Travers’ family runs an 11,000-acre game preserve, Imire Safari Ranch, where her parents, conservationists John and Judy Travers, breed endangered species, including black rhinoceros. Recently, Animal Planet filmed a show called “There’s a Rhino in My House” featuring the Travers family.
“Coming from Africa is one thing, but coming from the home that I grew up in is another,” Travers said. “By seven o’clock, we’re at the elephant pens dealing with the elephants, maybe I go for an elephant ride… come home for breakfast there’s a warthog, there’s a mongoose on the table.”
Though the endangered rhinos are dehorned, poachers still attack, slaughtering them for what little horn grows back. The Travers adopted an orphaned rhino, Tatenda, whose mother was killed by poachers.
“It’s the kind of thing that you never think will happen to you, so when it did it literally was like losing somebody in your family, my parents were distraught,” Travers said. “We had just lost an entire breeding herd.”

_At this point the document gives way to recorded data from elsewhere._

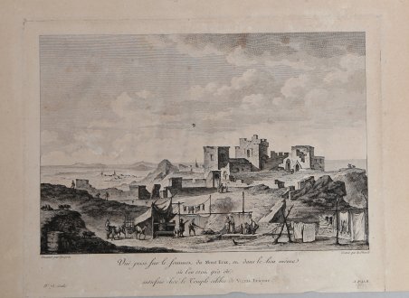 Veduta pubblicata nel ' Voyage Pittoresque ou description des Royaumes de Naples et de Sicile, opera in 5 volumi per la prima volta stampati a Parigi tra 1781 e il 1786. Richard de Saint-Non conobbe, durante il suo viaggio a Roma, i due già celebri pittori francesi Jean Honoré Fragonard e Hubert Robert, con i quali prosegue il suo viaggio per tutto il paese. Da questa grande amicizia nasce l’idea e la collaborazione per l’ambizioso progetto di documentare graficamente tutti i principali monumenti dell’Italia Meridionale e della Sicilia. Da qui, tra il 1781 ed il 1786, con l’aiuto di numerosi ed importanti architetti, pittori ed incisori, venne alla luce il Voyage Pittoresque ou description des Royaume de Naples et de Sicilie, opera composta di cinque volumi che uscirono annualmente. Incredibile sforzo tipografico, l’opera raccoglie quasi per intero gli appunti di viaggio del Saint-Non, adeguatamente assemblati e corretti; il corpus grafico è composto di ben 542 incisioni all’acquaforte e bulino, opera dei principali artisti di riproduzione del periodo. Da un punto di vista editoriale l’iniziativa riscuote immediatamente un grandissimo successo: il libro diviene un vero e proprio modello tipografico, sul quale sono basate diverse pubblicazioni dell’impero napoleonico. Dal punto di vista artistico le vedute, i paesaggi e le rovine conservano, e non può essere altrimenti, lo stile pittorico e romantico del Fragonard, del Robert, del Desprez, e di tutti gli altri artisti che collaborano nella realizzazione di questa monumentale opera. Il notevole successo commerciale della raccolta è testimoniato dalla ristampa, tra il 1795 ed il 1798, delle sole tavole pittoriche. Un’ulteriore edizione è stampata nel 1829 dal Dufour. Esemplare tratto dal ' Voyage Pittoresque, ' seconda edizione del 1795/98, priva dell’indicazione del privilegio reale. ' Acquaforte, stampata su carta vergata coeva, leggere ossidazioni, per il resto in ottimo stato di conservazione. View taken from the Voyage Pittoresque ou description des Royaume de Naples et de Sicilie by Richard de Saint-Non. During his trip to Rome, Richard de Saint-Non met two already famous French painters, Jean Honoré Fragonard and Hubert Robert, with whom he travelled along Italy. Their friendship led to the cooperation for the ambitious project of depicting all the main monuments of Southern Italy and Sicily. Between 1781 and 1786, with the assistance of many contemporary artists, he realized the Voyage Pittoresque ou description des Royaume de Naples et de Sicilie, a five volumes work published annually. As a result of a great typographical effort, the work is a collection of Sain-Non’s travelling notes; the graphic part is made up of 542 engravings and etchings, realized by the most important artists of the period. The work is immediately successful, for the book became a new typographical model for the following publications. From an artistic point of view, the views, landscapes and antiquity keep the Romantic pictorial style of Fragonard, Robert, Desprez and all the other artists that took part in this monumental project. The re-issue, between 1795 and 1798, of the pictorial plates, witnesses the great success of this project. A re-issue of the whole work was edited in 1829 by Dufour. Example taken from the second edition of the work, printed in Paris 1795/98; the plates are without the Royal priviledge. ' Etching, printed on contemporary laid paper, light foxing, otherwise good condition. Cfr. Cremonini pp. 119/129, 73.
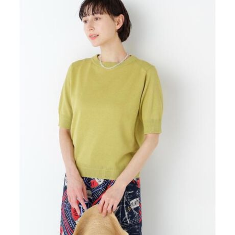 袖口や襟元にニットらしいアクセントを入れた半袖のニットTです。シルエットはシンプルですがニュアンスのある素材感でベーシックになりすぎず1枚で様になるプルオーバーです。
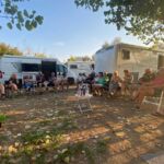 Der heutige vorletzte Fahrtag bringt uns zu unserem letzten CP auf griechischem Boden. Von da geht es in zwei Tagen zum Hafen in Igoumenitsa und weiter leider zum Ende unserer Reise nach Ancona. Die Route führt nordwärts entlang des Ionischen Meeres, benannt nach Io, einer Geliebten des Zeus. Ein Halt konnte man an der Ausgrabung des Palastes des Nestor, einem großen mykenischen Palast aus dem 16. – 15. Jahrhundert v. Chr., und natürlich auch am LIDL machen. Auf dem CP begrüßten uns ein grandioser Ausblick auf das Ionische Meer und ein wunderbarer Sandstrand, der zum Baden einlud. Am Abend treffen wir uns noch einmal, um den letzten Ouzo in seinen verschiedenen Trinkmöglichkeiten zu genießen. Danach geht es zum Abendessen, welches einige im Restaurant auf dem CP oder im nahegelegenen Restaurant Porto Marine genießen. Nach den leckeren Fischgerichten bietet sich das laue Abendwetter wieder zum Klönen an.

The Travers also adopted two more orphans, a warthog they named Pogs and Tsotsi, a hyena.
Tsotsi became Travers’ parents’ favorite pet, but she and the hyena didn’t get along so well.
Shortly before she came to UNC, Travers took a walk with her parents and Tsotsi attacked her.
Travers’ mother knew something was wrong and immediately told her to take off and run.